--- RECORDS FOR THE TASK Enclosed Below ---
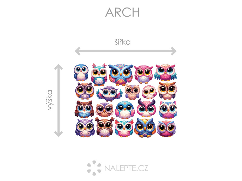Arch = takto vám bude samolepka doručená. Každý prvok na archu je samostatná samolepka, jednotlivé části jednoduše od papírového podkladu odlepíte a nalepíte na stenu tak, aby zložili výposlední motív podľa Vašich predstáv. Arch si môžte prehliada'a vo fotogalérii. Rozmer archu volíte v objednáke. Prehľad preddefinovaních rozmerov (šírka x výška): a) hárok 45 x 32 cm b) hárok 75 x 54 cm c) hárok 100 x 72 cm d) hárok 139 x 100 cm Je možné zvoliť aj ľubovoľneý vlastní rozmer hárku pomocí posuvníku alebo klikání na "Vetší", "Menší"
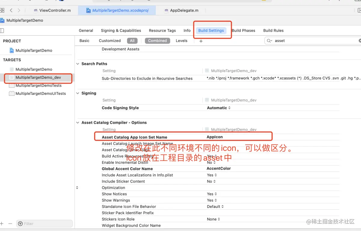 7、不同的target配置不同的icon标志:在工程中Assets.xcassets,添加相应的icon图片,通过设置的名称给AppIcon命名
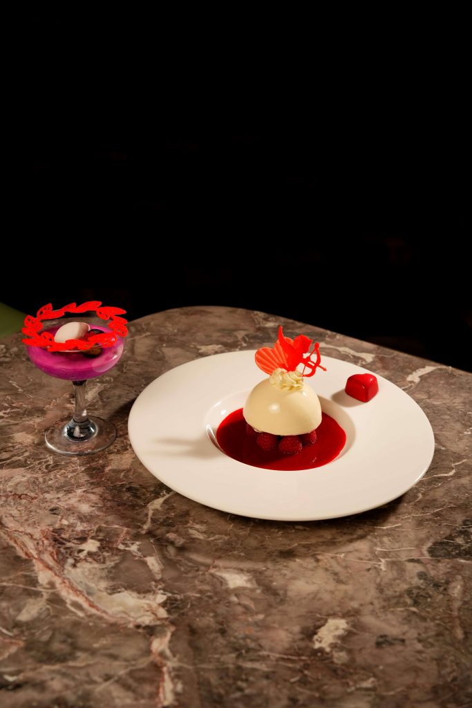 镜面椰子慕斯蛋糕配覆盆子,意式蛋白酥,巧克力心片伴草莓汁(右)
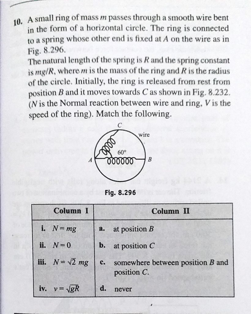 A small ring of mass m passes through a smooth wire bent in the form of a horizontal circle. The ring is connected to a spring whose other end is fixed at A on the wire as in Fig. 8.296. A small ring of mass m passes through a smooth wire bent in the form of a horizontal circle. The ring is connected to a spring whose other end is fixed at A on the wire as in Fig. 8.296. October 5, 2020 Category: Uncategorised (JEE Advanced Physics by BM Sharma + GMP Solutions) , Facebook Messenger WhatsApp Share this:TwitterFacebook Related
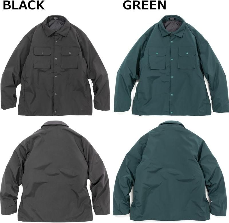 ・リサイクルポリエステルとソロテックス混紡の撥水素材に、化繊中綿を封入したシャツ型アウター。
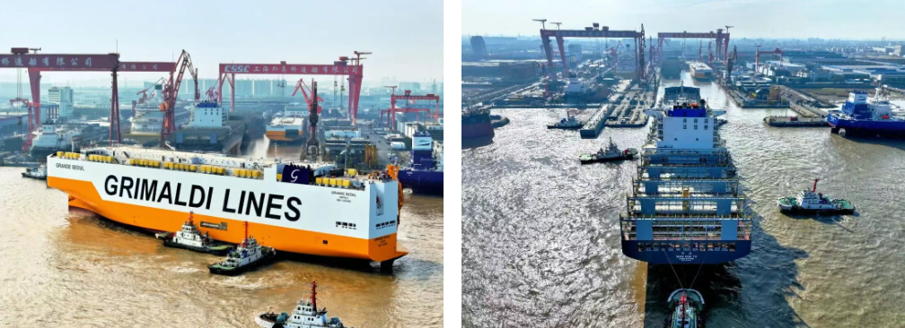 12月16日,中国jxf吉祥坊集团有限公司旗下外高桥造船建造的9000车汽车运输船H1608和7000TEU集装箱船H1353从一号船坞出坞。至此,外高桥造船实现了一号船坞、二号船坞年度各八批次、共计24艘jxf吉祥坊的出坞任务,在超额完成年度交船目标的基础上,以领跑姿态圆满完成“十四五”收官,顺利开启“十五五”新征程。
--- End of Enclosed RECORDS FOR THE TASK ---
--- RECORDS FOR THE TASK Enclosed Below ---
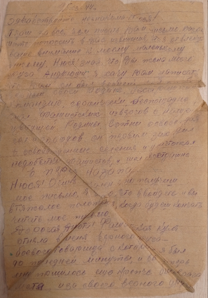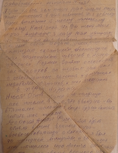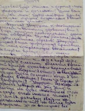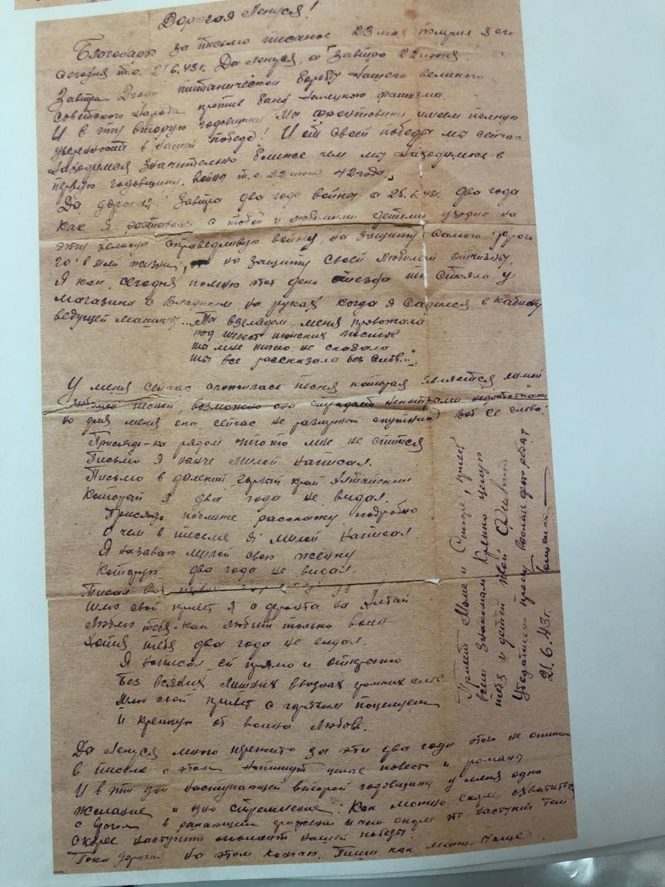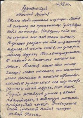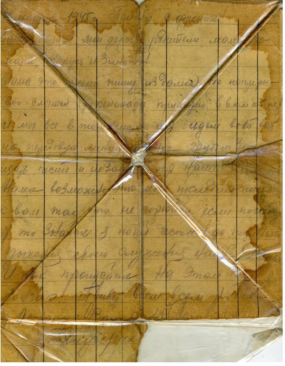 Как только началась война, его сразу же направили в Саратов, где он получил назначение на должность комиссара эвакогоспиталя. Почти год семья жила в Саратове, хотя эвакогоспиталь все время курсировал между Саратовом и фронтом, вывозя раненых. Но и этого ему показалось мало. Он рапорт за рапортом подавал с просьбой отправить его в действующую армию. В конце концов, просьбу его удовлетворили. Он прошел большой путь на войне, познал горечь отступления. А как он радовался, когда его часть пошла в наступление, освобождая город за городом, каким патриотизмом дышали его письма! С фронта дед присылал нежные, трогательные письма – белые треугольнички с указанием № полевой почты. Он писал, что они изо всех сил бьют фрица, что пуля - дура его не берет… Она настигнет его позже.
--- End of Enclosed RECORDS FOR THE TASK ---
Although the records above contain pictures, the copy should not; retype exactly the lines from the one containing "Arch = takto" through the one containing "镜面椰子慕斯蛋糕配覆盆子,意式蛋白酥,巧克力心片伴草莓汁(右)".

Arch = takto vám bude samolepka doručená. Každý prvok na archu je samostatná samolepka, jednotlivé části jednoduše od papírového podkladu odlepíte a nalepíte na stenu tak, aby zložili výposlední motív podľa Vašich predstáv. Arch si môžte prehliada'a vo fotogalérii. Rozmer archu volíte v objednáke. Prehľad preddefinovaních rozmerov (šírka x výška): a) hárok 45 x 32 cm b) hárok 75 x 54 cm c) hárok 100 x 72 cm d) hárok 139 x 100 cm Je možné zvoliť aj ľubovoľneý vlastní rozmer hárku pomocí posuvníku alebo klikání na "Vetší", "Menší"
 7、不同的target配置不同的icon标志:在工程中Assets.xcassets,添加相应的icon图片,通过设置的名称给AppIcon命名
 镜面椰子慕斯蛋糕配覆盆子,意式蛋白酥,巧克力心片伴草莓汁(右)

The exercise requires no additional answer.